Doesn't sound like I've ever been all that thrilled with what the President said four years ago on the Lincoln. And I'm not. But my criticisms are honest; those of the Democrats are not.
Unfortunately the latter have been hammered from here to ubiquity, and are part of the settled conventional wisdom - an oxymoron if ever there was one.
~ ~ ~
So the President issued the second veto of his presidency, an appalling paucity even given his party's control of Congress for his first six years in office, and how RINOesque it became in the last two. To the question of, "Now what?", I think the answer is clear. First and foremost, there will be no compromise from the Democrat side of the aisle. Don't believe me? Just listen to their reaction:
Democratic congressional leaders cast the veto as willful defiance of the American people. "The President wants a blank check," House Speaker Nancy Pelosi (CA) said just minutes after Bush's statement. "The Congress is not going to give it to him." Senate Majority Leader Harry M. Reid (NV) said that "if the President thinks that by vetoing this bill he will stop us from trying to change the direction of this war, he is mistaken."
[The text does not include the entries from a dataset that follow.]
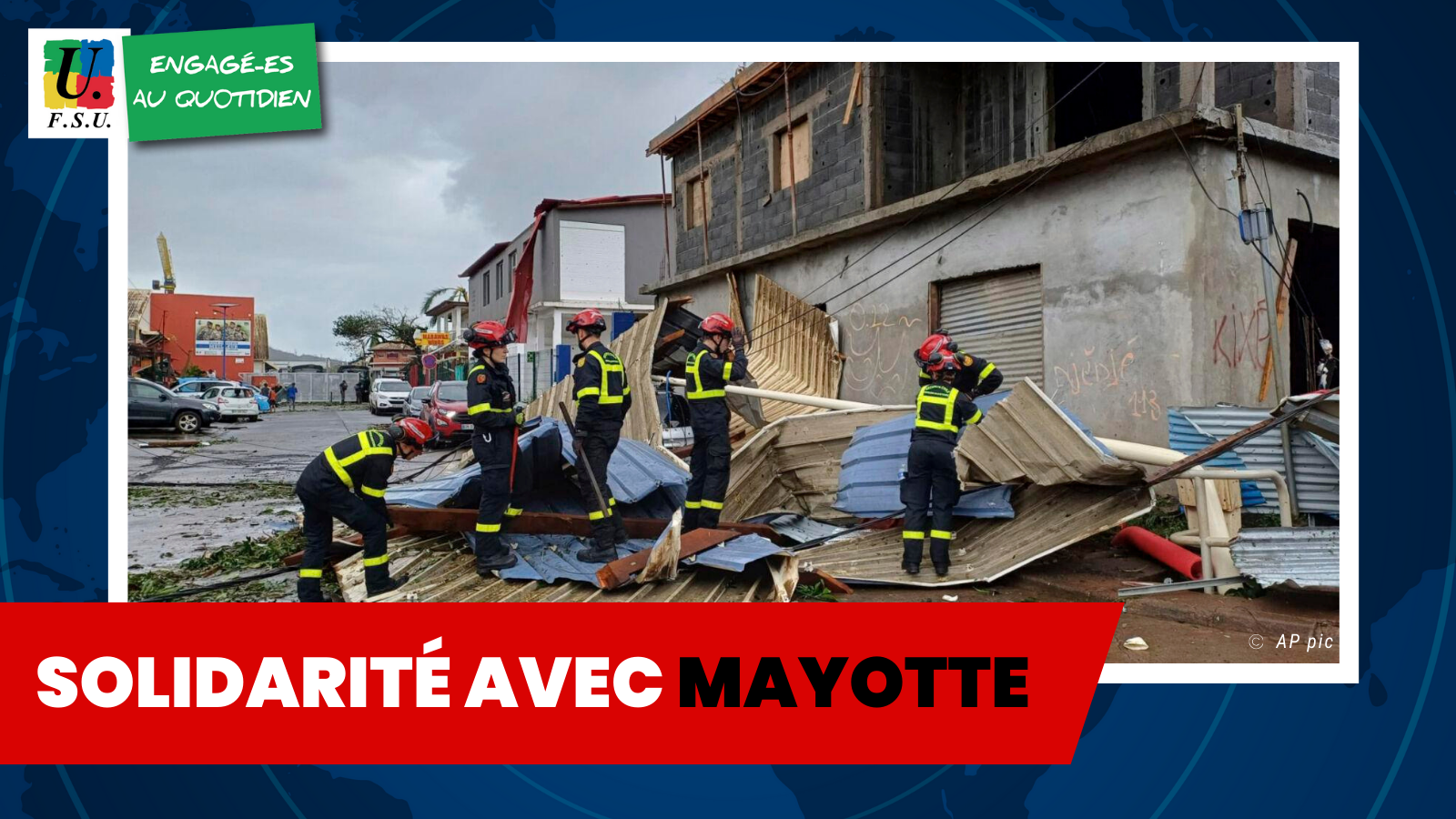 La FSU exprime sa solidarité avec Mayotte et apporte tout son soutien à l’ensemble de ses habitants. La FSU se mobilise avec Solidarité laïque pour engager une aide rapide aux Mahorais.
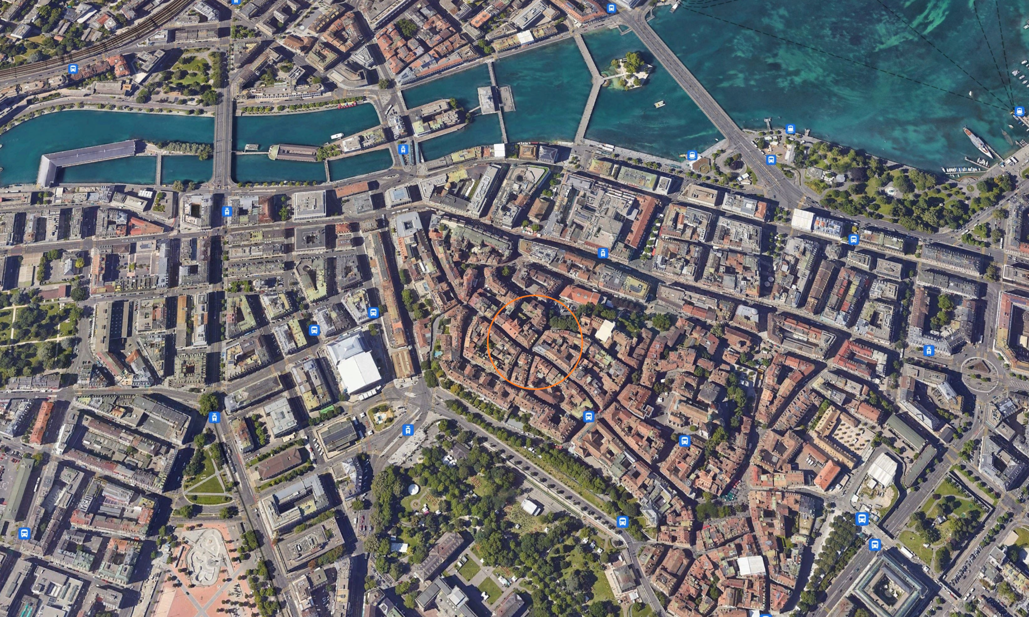 Au cœur de la vieille ville, à moins de 200 mètres des rues Basses, de la Place du Molard, bref de tous les commerces ainsi que des transports publics du centre-ville.
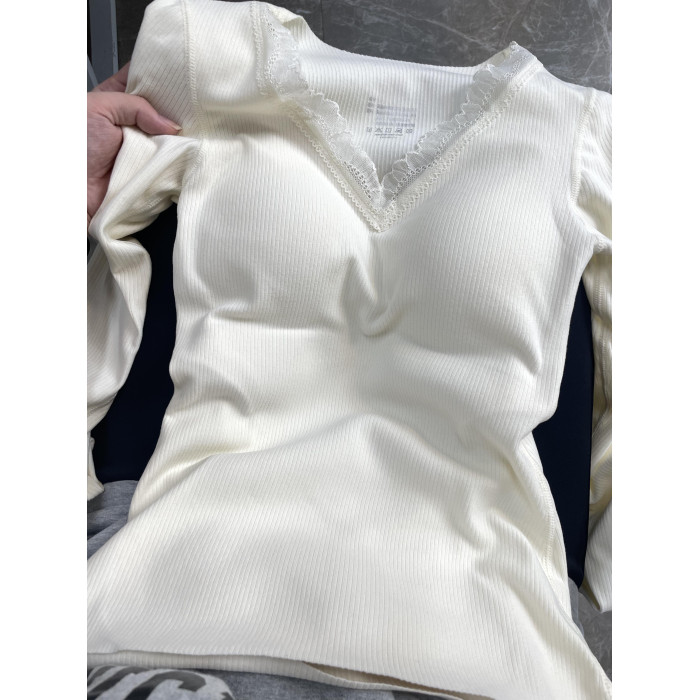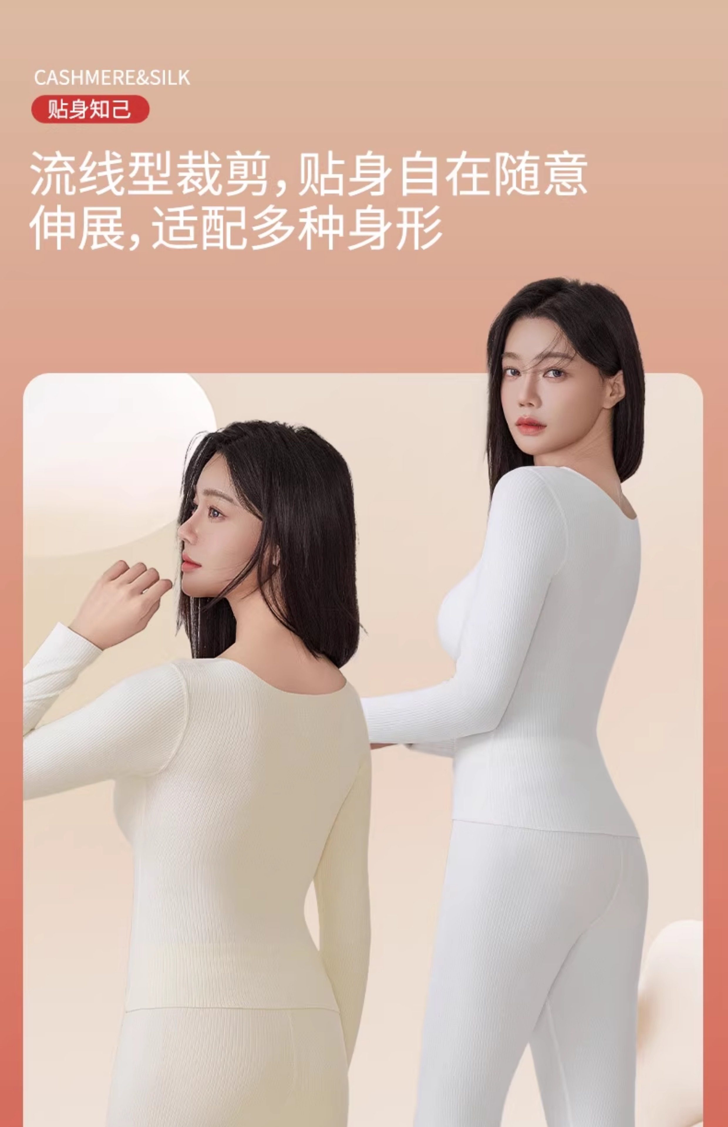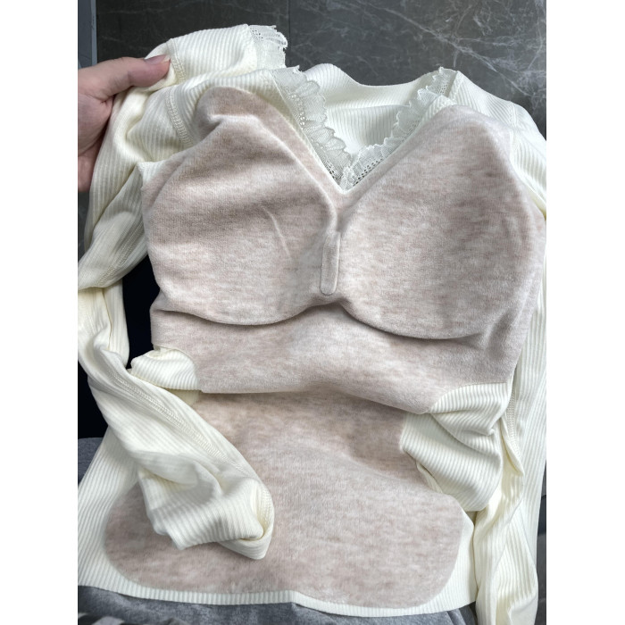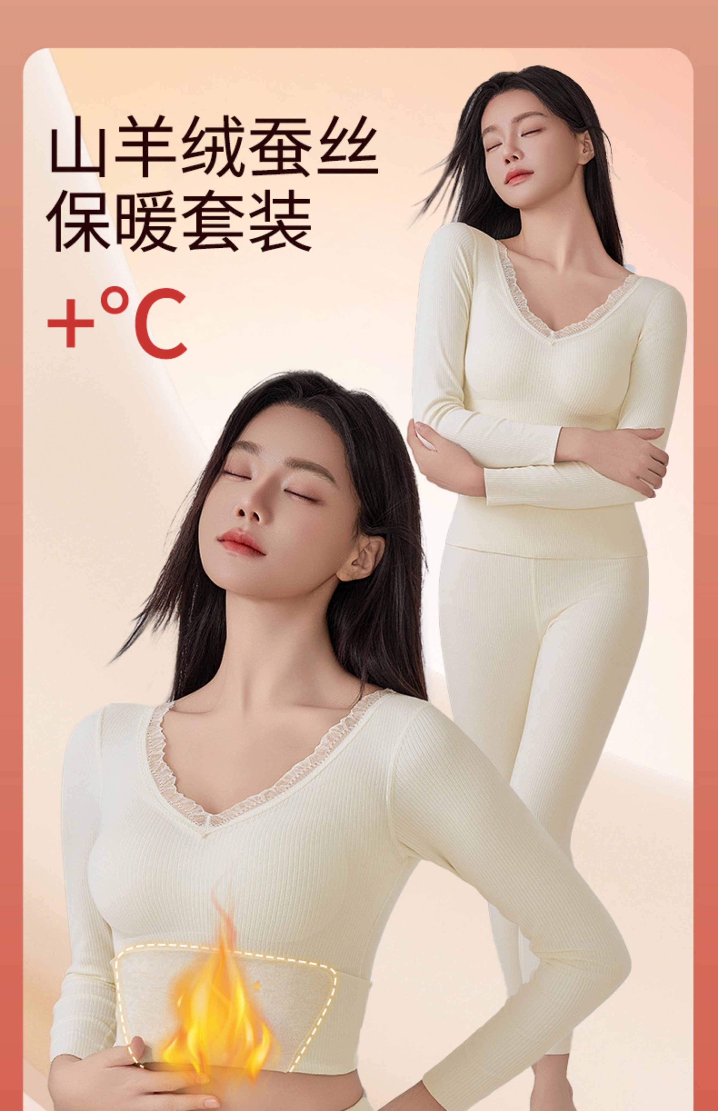 7A羊絨保暖內衣女加絨加厚秋衣秋褲套裝2025秋冬季新款帶胸墊上衣

It takes a deafness to irony for Crazy Nancy to talk about Bush seeking "blank checks" given the shameless extent to which her party larded up this war funding bill with all manner of fiscal hog slop having not the slightest thing to do with the war. On the other hand, another message may be getting delivered in the clear: the Democrats working up the audacity to openly defund the war. That's certainly consistent with the "willfully defiant" tone of Dirty Harry, whose clearly focus-grouped "change the direction of this war" crack is "retreat" by any other name.
Well, perhaps not so openly. The whole point of passing the Iraq/Afghanistan appropriation with the withdrawal poison pill attached was to enable the Dems to say that they provided money for the troops, and it was Bush who blocked it, just like he's blocking Donk attempts to "support the troops" by forcing them to run away from the terrorists they're thrashing. A damned if you do, damned if you don't proposition. Now there's no withdrawal timetable, but no money for the troops either. And the Pelosi/Reid axis can take their own sweet time coming up with a fresh bill. "Defunding" by any other name.
The mandatory-drawdown-without-saying-so has already begun. The "Surge," particularly the training and expansion of Iraqi security forces, is already slowing down, and a vehicle called the Mine Resistant Ambush Protector vehicle, which is capable of reducing casualties from IED attacks by as much as 80%, will now not be available. Overall, by money-juggling and making Abe Lincoln (not the carrier) scream, Middle East operations can be stretched out to almost the end of July, but then will grind to a halt. After that the best military in the world will be like an abandoned windup toy, or a Lamborghini sitting by the side of the road with an empty gas tank, defeated by the one enemy over which their unparalleled martial prowess has no power: the Democrat Party. al Qaeda and its Iranian sponsors will simply be the cleanup crew.
On that bright, sunny mid-summer day, you can bet your booyeah that Crazy Nancy and Dirty Harry, the oddest couple since Michael Moore (think about it....), will be in front of the cameras blaming George W. Bush for "betraying" our men and women in uniform. The President will doubtless turn the other cheek yet again. And most Americans will probably buy it.
Will the Speakerette and Senate Majority Chisler have their own "mission accomplished" banner hanging in the background when they celebrate their moment of "triumph"? That'd be a level of irony that even Crazy Nancy would be able to appreciate.